I think because she works in the area is why people are like ???????

Reply

veritas_44 February 16 2024, 02:03:34 UTC
People do need to talk about it but some of these people do not deserve sympathy. An 80 year old who has barely used the internet in their life and who has never really had a job? Nope, not clowning them. But a 50 year old financial reporter who believed that someone reading her SSN to her was legit? Come on.

I do believe that everyone is capable of falling for a scam but we have got to stop telling grown adults that it's ok to be willfully ignorant.

Reply

ohokaysure February 16 2024, 03:27:49 UTC
veritas_44 February 16 2024, 03:55:16 UTC
Oh that definitely makes it worse lol

Generally speaking, I'm so damn tired of 45+ year olds acting like computers were never a part of daily life until like 10 years ago. Even from a personal perspective, that was never true. From a 2001 NYT article- Census figures showed that 54 million households, or 51 percent, had one or more computers in 2000, up from 42 percent in 1998. It was the first time computer ownership surpassed 50 percent, the report said.

Reply

ohokaysure February 16 2024, 04:12:03 UTC
veritas_44 February 16 2024, 04:36:07 UTC
It does highlight the embarrassingly gross trend we've seen get progressively worse since Reagan where people are proud of their ignorance. Basic ass reading is now seen as "liberalism/socialism" by damn near half the population because we tell people that everyone is entitled to their opinion when the opinion entitlement concept is actually a logical fallacy.

Reply

ohokaysure February 16 2024, 04:40:48 UTC
veritas_44 February 16 2024, 04:48:01 UTC
The like, sad, and angry emojis are all fitting to that sentence

Reply

hellojeds February 16 2024, 08:02:02 UTC
I'm that age and there's no way most people didn't use computers in the late 90s or early 2000s, especially if they worked in an office or had a business.

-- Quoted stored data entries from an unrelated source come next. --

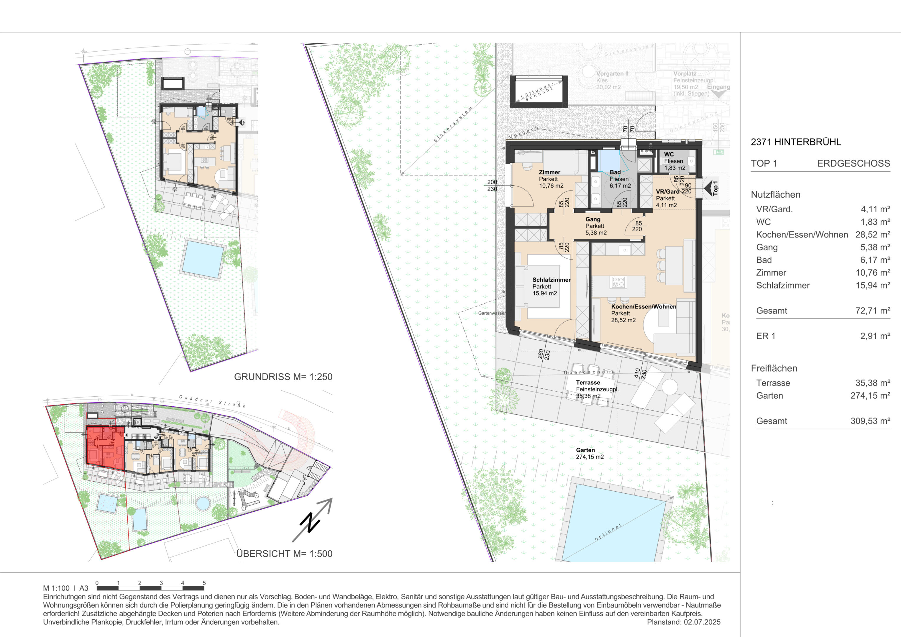 | 1 | Ground floor | 3 | 72.71 m² | 309.53 m² | 274.15 m² | 35.38 m² | € 732,440 | Available | |||
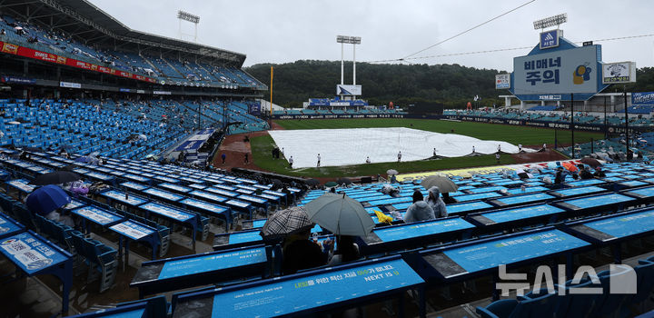 [대구=뉴시스] 이무열 기자 = 6일 대구 수성구 삼성라이온즈파크에서 2025 신한 SOL 뱅크 KBO리그 와일드카드 1차전 NC 다이노스와 삼성 라이온즈의 경기가 예정인 가운데 내리는 비로 인해 그라운드에 방수포가 깔려있다. 2025.10.06. [email protected]
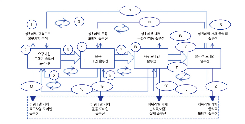 다중 레벨 거동 도메인 솔루션 연관성은 고도로 반복적인 활동을 통해 이루어진다. 그림 1의 개체 및 품목 시스템엔지니어링 설계 프로세스에서와 같이 요구사항, 운용 및 물리적 도메인 솔루션과 밀접한 협조와 협력을 요구하고 있다.
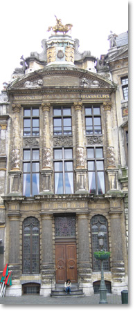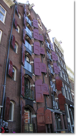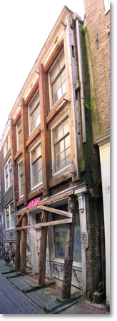 Braced to keep from collapsing, this is one of many leaning houses in Amsterdam.
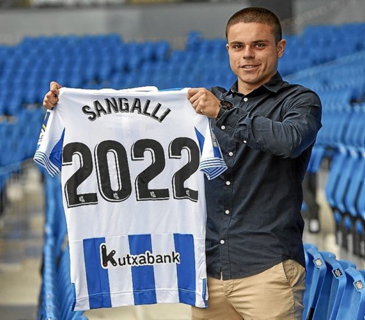 Luca Sangalli, uno de los futbolistas con mayor proyección de Zubieta, ha ampliado su compromiso con la Real hasta junio de 2022, dos años más de los que tenía hasta ahora firmados. El jugador se mostró «muy contento» por la renovación, tras una temporada que tildó de «muy rara», debido a la acumulación de experiencias «tanto positivas como negativas».
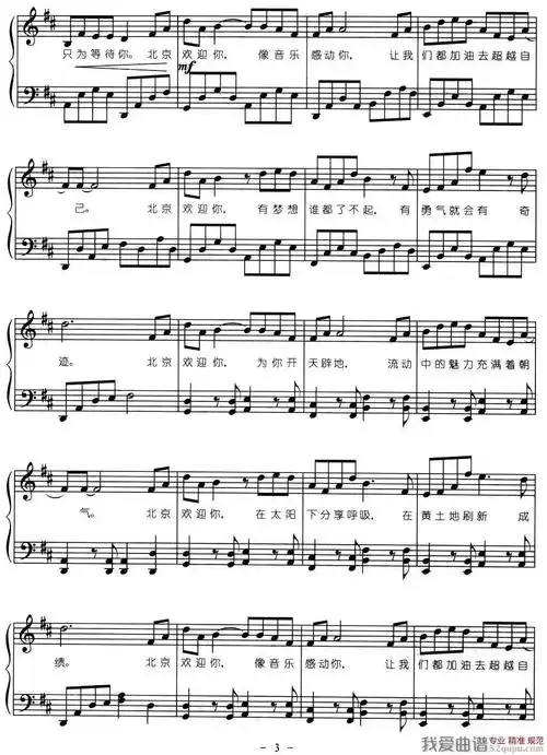 [北京欢迎你歌词完整版]北京欢迎你钢琴谱及歌词
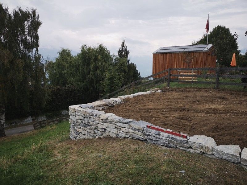 • Prix entre 70 et 95 Chf de l'heure, TVA incluse. Ceci est le tarif horaire qui sert de base au calcul du prix de la réalisation. Les besoins en matière (pierres, bois, etc ) sont facturés à part

Plus if you were a school kid or uni student at that time you would have very, very likely used one. Even if you didn't have your own computer, libraries, schools and universities had computer rooms at that time, and many if not all of my professors wanted typed essays.

Reply

hannahstarr February 16 2024, 16:02:49 UTC
also i would never admit this if it happened to me.

I read the article and at the end she mentions that after telling her story to various people she found out that nearly all of them have a scam story (not quite on this level though). And everyone is deeply ashamed at how they were scammed. So I think she wrote this article to point out that this is happening more often than anyone wants to admit.